More attention might need to be paid to the role of chronic pain in the treatment of patients with comorbid depression, researchers suggest.
“Maybe models of depression should differentiate between depressed patients with a chronic pain condition, such as [fibromyalgia], and those without pain, wrote Mari Aguilera of the department of cognition, development, and educational psychology at the University of Barcelona and associates.
The research involved 62 patients who had participated in a previous randomized controlled trial that had assessed the efficacy of a dilemma-focused intervention for depression. All patients in the trial had met the criteria for major depressive disorder and/or dysthymia and had a score of more than 19 on the Beck Depression Inventory-II (BDI-II) scale, the investigators reported in the International Journal of Clinical and Health Psychology.
For the current trial, the researchers studied 31 patients from the trial who had an average age of 50, a concurrent diagnosis of fibromyalgia for an average of 8.14 years, an average of 2.06 depressive episodes, and a mean pain intensity of 76.21 on the visual analog scale.
The matched group of 31 patients who were used as a comparator group did not have a diagnosis of fibromyalgia and did not report high levels of pain intensity.

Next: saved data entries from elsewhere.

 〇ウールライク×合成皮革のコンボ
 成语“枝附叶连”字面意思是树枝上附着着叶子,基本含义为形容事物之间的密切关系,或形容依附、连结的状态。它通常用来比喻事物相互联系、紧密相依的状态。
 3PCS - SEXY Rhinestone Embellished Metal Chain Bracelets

Results showed that, in line with the researchers’ expectations, depressed patients with fibromyalgia had significantly higher BDI-II scores than patients with depression alone.
The researchers noted that patients with comorbid fibromyalgia had higher scores in pessimism, irritability, concentration/difficulty, tiredness or fatigue, and loss of interest in sex, compared with the control group.

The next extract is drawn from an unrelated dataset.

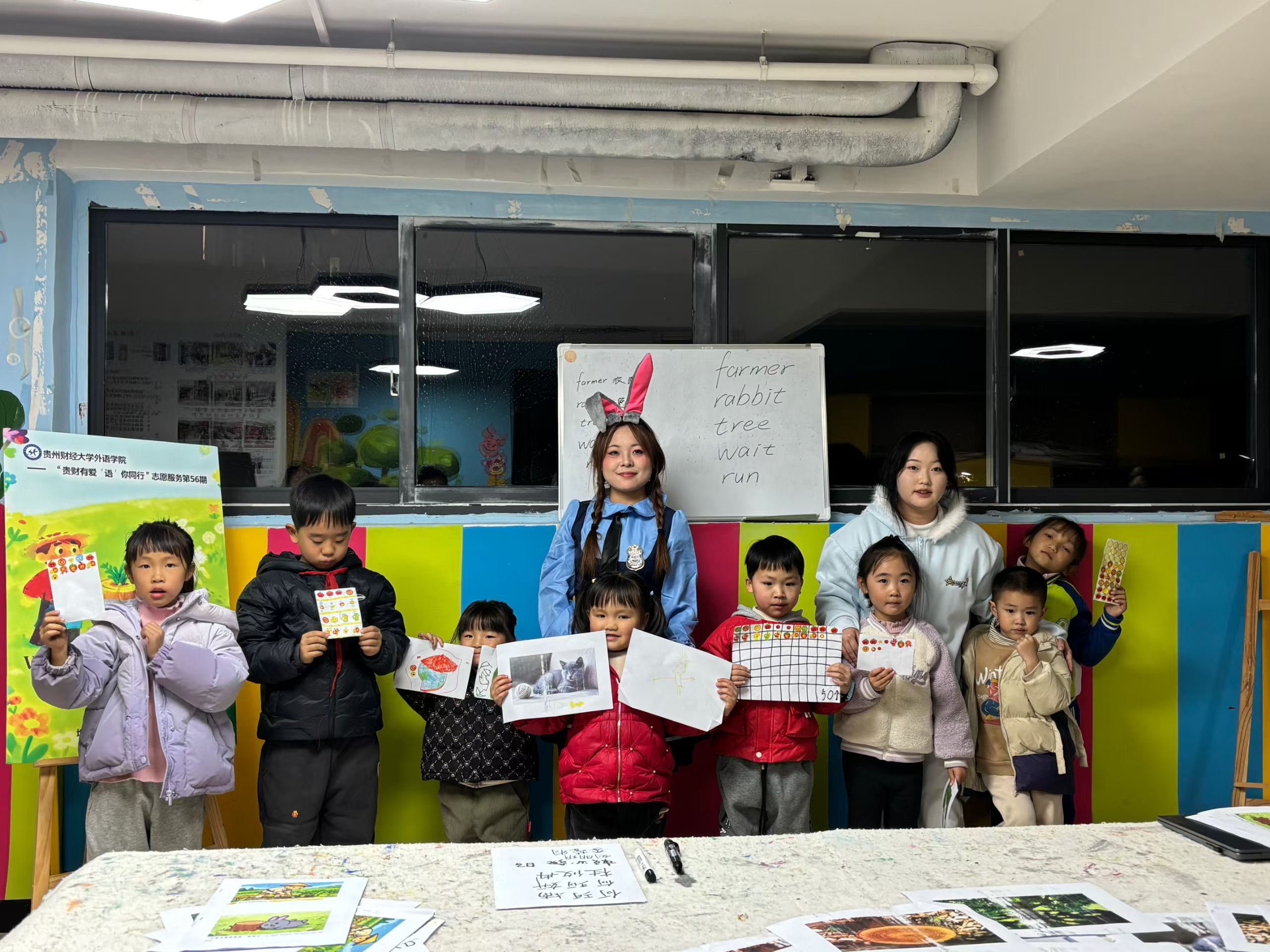 “贵财有爱‘语’你同行第56期活动在贵州财经大学西校区公租房社区A1活动室顺利开展。志愿者王承菊、冯周、陈光艳、刘汉燊共同为小朋友们带来了一堂别开生面的英语趣味课堂。本期活动以“Wait for gains without pains”(《守株待兔》)为主题,巧妙地将经典寓言与趣味游戏相融合,让孩子们在亲身体验中读懂寓言内涵,在快乐互动中感受英语魅力。

“The nature of the relationship between pain and depression needs further studies to develop a better understanding in the future,” they wrote. The study was published in the International Journal of Clinical and Health Psychology.

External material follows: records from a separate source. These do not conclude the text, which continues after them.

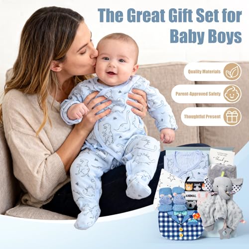 Newborn Baby Gifts Hamper Set with Gift Box Blanket Onesie Security Blanket Socks Hat Bibs Cards, New Born Essentials Baby Shower Gifts Boys Girls Unisex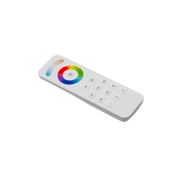 Mit ihrem stabilen Touch-Farbrad ermöglicht die stromsparende ZigBee CCT/RGBW Fernbedienung eine schnelle und präzise Farbsteuerung über bis zu 30 m hinweg. Dank des „Find-and-Bind-Modus“ lässt sie sich einfach mit universellen ZigBee DIM-, CCT-, RGB-, RGBW- und RGB+CCT-ZigBee-Gateway-Produkten koppeln. Dabei werden drei Gruppen zur Anbindung von maximal 30 Beleuchtungsgeräten und sechs voreingestellte Szenen unterstützt. Zusätzlich sind das Speichern und Abrufen von fünf Szenen möglich.
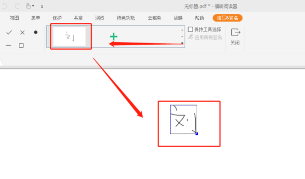 按下保存后,我们在需要添加签名的位置点击鼠标左键就可以添加上去了,之前保存过的签名也还可以再次使用,需要再次添加时,先点击上方之前添加过的签名样式,然后依然是在需要添加的位置点击鼠标左键。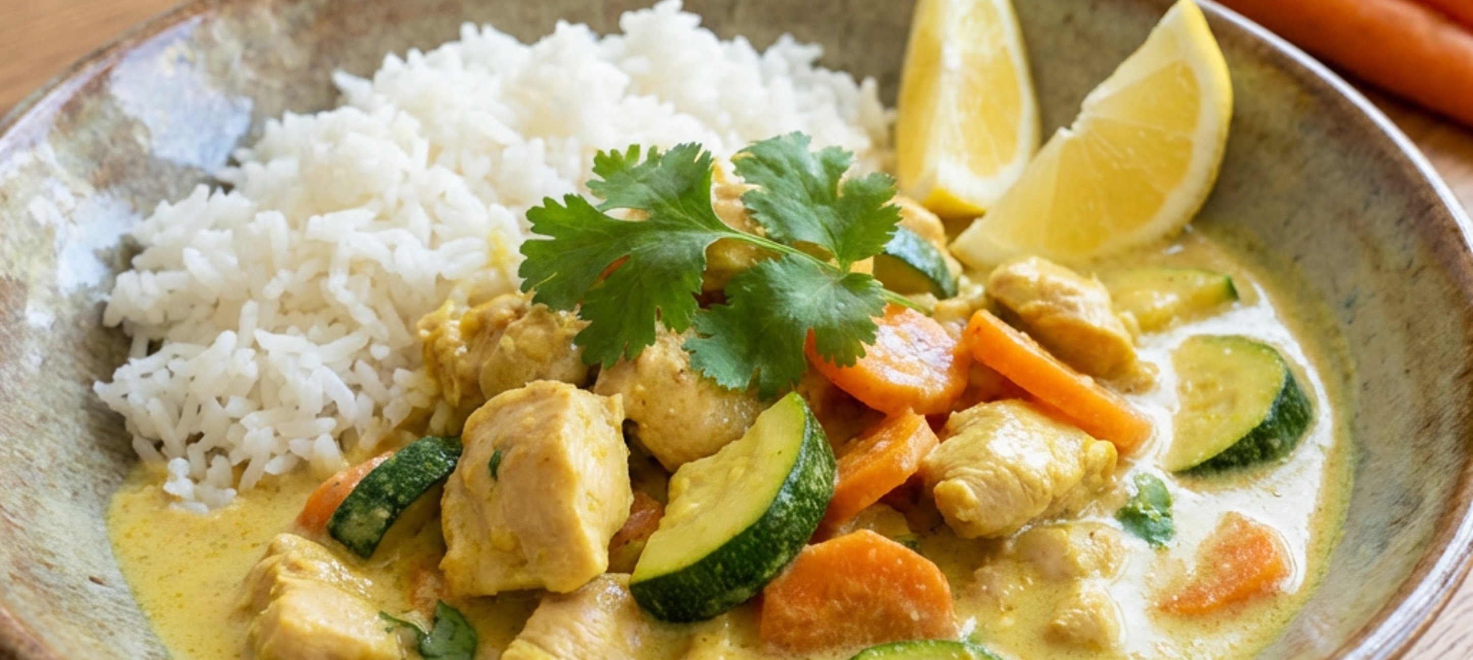 - 3Nakonec pánev odstavte z plamene, kuřecí kousky v kari omáčce dochuťte citronovou šťávou, solí a pepřem. Hotovou směs rozdělte na 5 porcí a podávejte.

Patients with comorbid fibromyalgia had higher levels of depressive symptoms and greater cognitive rigidity than did controls, the researchers found. Those with comorbid depression and pain also displayed higher levels of polarization, compared with the matched patients, with a medium-sized effect.
The small study size was cited as a limitation for generalizability. However, if confirmed by other larger studies, the researchers said, the findings might have implications for the treatment of depressed patients with comorbid fibromyalgia. “For patients with chronic pain, increasing their cognitive complexity might lead to better therapeutic results,” they wrote. “Overall, our study points to the need for more attention to the role of chronic pain in the study and treatment of depressed patients.
The research was funded by Spain’s Ministry of Science and Innovation.